Exactly what is written in the records below should be returned, minus the images.

((

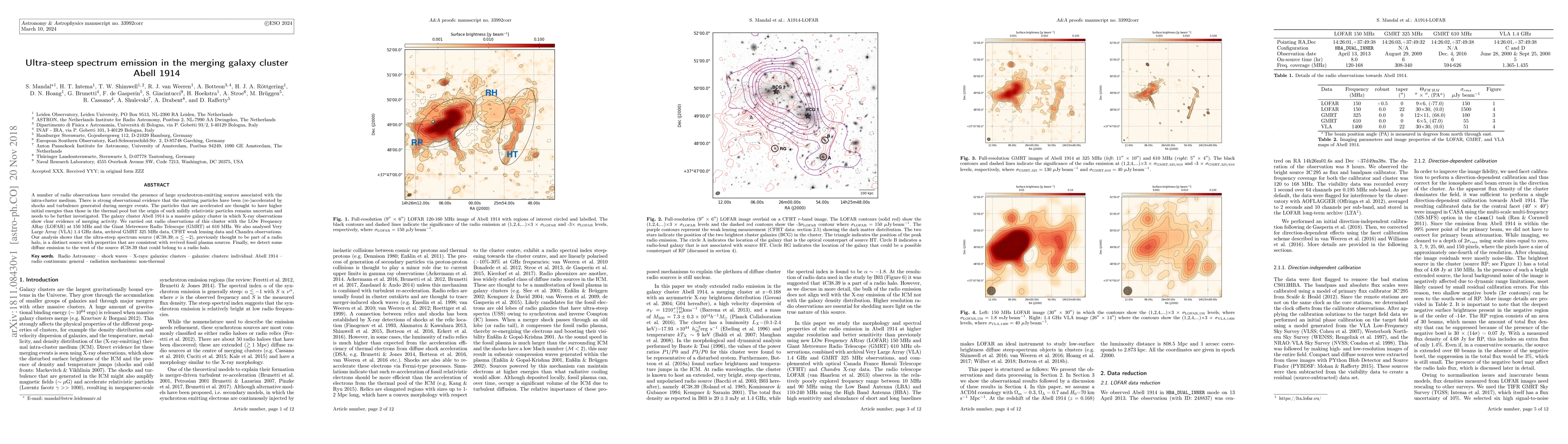 A number of radio observations have revealed the presence of large synchrotron-emitting sources associated with the intra-cluster medium. There is strong observational evidence that the emitting particles have been (re-)accelerated by shocks and turbulence generated during merger events. The particles that are accelerated are thought to have higher initial energies than those in the thermal pool but the origin of such mildly relativistic particles remains uncertain and needs to be further investigated. The galaxy cluster Abell 1914 is a massive galaxy cluster in which X-ray observations show clear evidence of merging activity. We carried out radio observations of this cluster with the LOw Frequency ARay (LOFAR) at 150 MHz and the Giant Metrewave Radio Telescope (GMRT) at 610 MHz. We also analysed Very Large Array (VLA) 1.4 GHz data, archival GMRT 325 MHz data, CFHT weak lensing data and Chandra observations. Our analysis shows that the ultra-steep spectrum source (4C38.39; $\alpha \lesssim -2$), previously thought to be part of a radio halo, is a distinct source with properties that are consistent with revived fossil plasma sources. Finally, we detect some diffuse emission to the west of the source 4C38.39 that could belong to a radio halo.
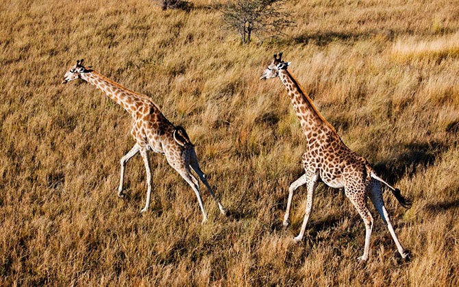 Жирафы бегут по дельте Окаванго, Ботсвана.
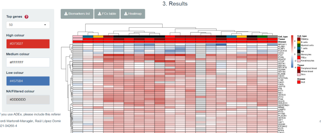 通过使用ADEX,研究人员可以轻松地探索IFN(干扰素)特征在不同疾病中的表达情况。例如,研究发现IFN特征在SLE和SjS患者中显著过表达,而在RA患者中表现出异质性。这一发现支持了IFN在自身免疫性疾病中的重要作用,并为未来的治疗策略提供了线索。
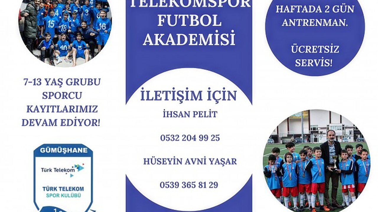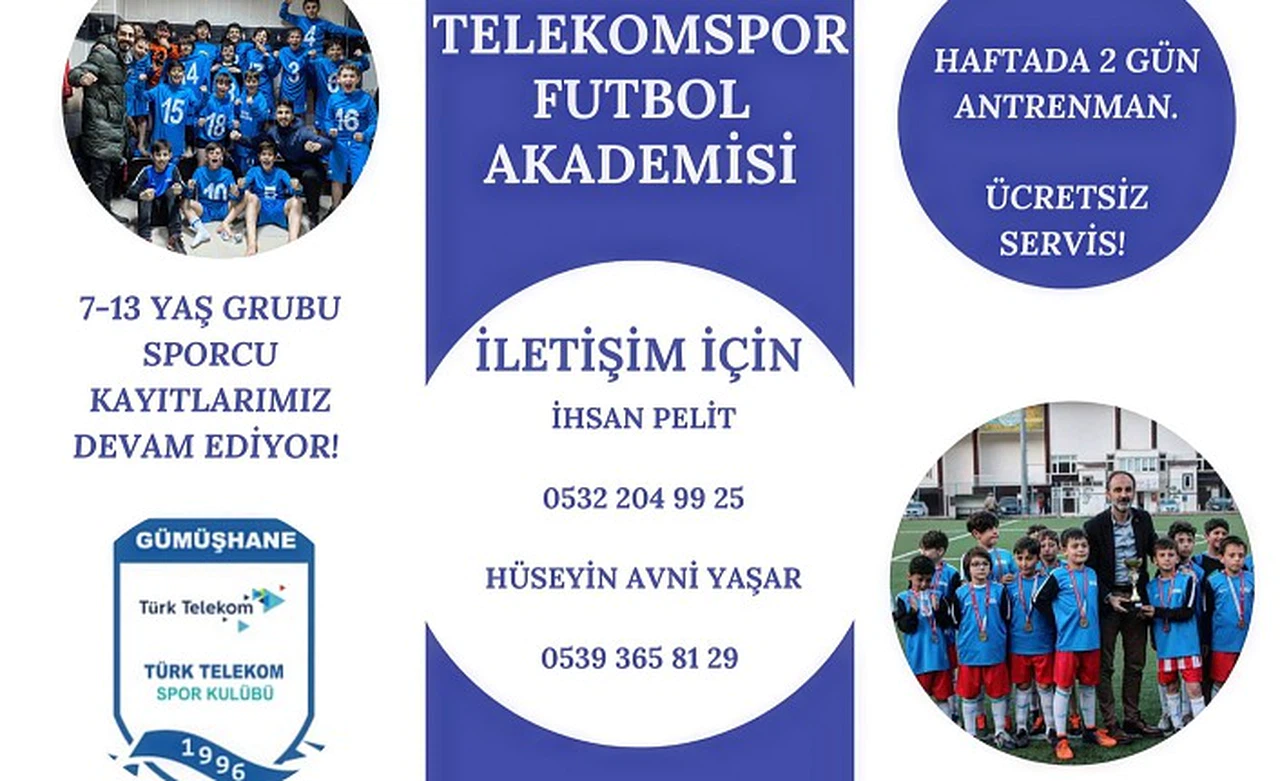 Gümüşhane Telekomspor Futbol Akademisi, gerek futbol eğitimi gerekse kişisel gelişim açısından Gümüşhane çocuğunun geleceğine talip.
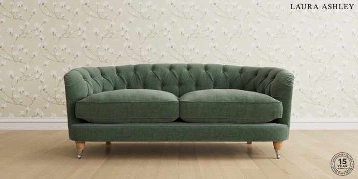 7.0.3 Buy Hathersage by Laura Ashley 3 Seater Small Sofa Nantmor Fern Green Low Chrome Castor - Light Oak from the Next UK online shop Click here to use our accessible website

))

* Answer for the task
 A number of radio observations have revealed the presence of large synchrotron-emitting sources associated with the intra-cluster medium. There is strong observational evidence that the emitting particles have been (re-)accelerated by shocks and turbulence generated during merger events. The particles that are accelerated are thought to have higher initial energies than those in the thermal pool but the origin of such mildly relativistic particles remains uncertain and needs to be further investigated. The galaxy cluster Abell 1914 is a massive galaxy cluster in which X-ray observations show clear evidence of merging activity. We carried out radio observations of this cluster with the LOw Frequency ARay (LOFAR) at 150 MHz and the Giant Metrewave Radio Telescope (GMRT) at 610 MHz. We also analysed Very Large Array (VLA) 1.4 GHz data, archival GMRT 325 MHz data, CFHT weak lensing data and Chandra observations. Our analysis shows that the ultra-steep spectrum source (4C38.39; $\alpha \lesssim -2$), previously thought to be part of a radio halo, is a distinct source with properties that are consistent with revived fossil plasma sources. Finally, we detect some diffuse emission to the west of the source 4C38.39 that could belong to a radio halo.
 Жирафы бегут по дельте Окаванго, Ботсвана.
 通过使用ADEX,研究人员可以轻松地探索IFN(干扰素)特征在不同疾病中的表达情况。例如,研究发现IFN特征在SLE和SjS患者中显著过表达,而在RA患者中表现出异质性。这一发现支持了IFN在自身免疫性疾病中的重要作用,并为未来的治疗策略提供了线索。
 Gümüşhane Telekomspor Futbol Akademisi, gerek futbol eğitimi gerekse kişisel gelişim açısından Gümüşhane çocuğunun geleceğine talip.
 7.0.3 Buy Hathersage by Laura Ashley 3 Seater Small Sofa Nantmor Fern Green Low Chrome Castor - Light Oak from the Next UK online shop Click here to use our accessible website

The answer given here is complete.